■ Try it
Starting at the first line of the data, print every line up to and including the one with "叶寒青 通讯员 王喆健 摄", but no pictures.

■ The data
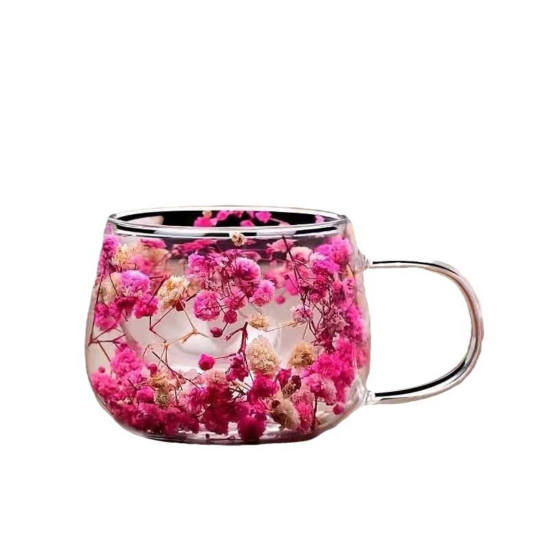 Dried flower double layer glass high appearance level with hand gift coffee cup high borosilicate simple cup
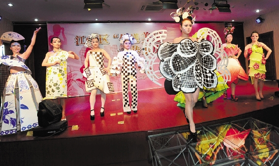 青花瓷、马赛克、大荷花,近日,杭州采荷第二幼儿园老师展示用废纸制作的环保时装秀。在江干区妇联举办的“传递美感,传承历史”风尚秀活动中,有12支队伍展示了各自区域有特色的历史民俗文化。 本报记者 叶寒青 通讯员 王喆健 摄
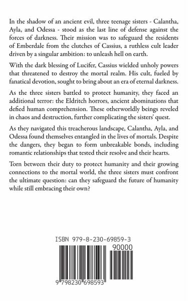 In the shadow of an ancient evil, three teenage sisters - Calantha, Ayla, and Odessa - stood as the last line of defense against the forces of darkness. Their mission was to safeguard the residents of Emberdale from the clutches of Cassius, a ruthless cult leader driven by a singular ambition: to unleash hell on earth. With the dark blessing of Lucifer, Cassius wielded unholy powers that threatened to destroy the mortal realm. His cult, fueled by fanatical devotion, sought to bring about an era of eternal darkness. As the three sisters battled to protect humanity, they faced an additional terror: the Eldritch horrors, ancient abominations that defied human comprehension. These otherworldly beings reveled in chaos and destruction, further complicating the sisters' quest. As they navigated this treacherous landscape, Calantha, Ayla, and Odessa found themselves entangled in the lives of mortals. Despite the dangers, they began to form unbreakable bonds, including romantic relationships that tested their resolve and their hearts. Torn between their duty to protect humanity and their growing connections to the mortal world, the three sisters must confront the ultimate question: can they safeguard the future of humanity while still embracing their own?

■ Answer to this problem
 Dried flower double layer glass high appearance level with hand gift coffee cup high borosilicate simple cup
 青花瓷、马赛克、大荷花,近日,杭州采荷第二幼儿园老师展示用废纸制作的环保时装秀。在江干区妇联举办的“传递美感,传承历史”风尚秀活动中,有12支队伍展示了各自区域有特色的历史民俗文化。 本报记者 叶寒青 通讯员 王喆健 摄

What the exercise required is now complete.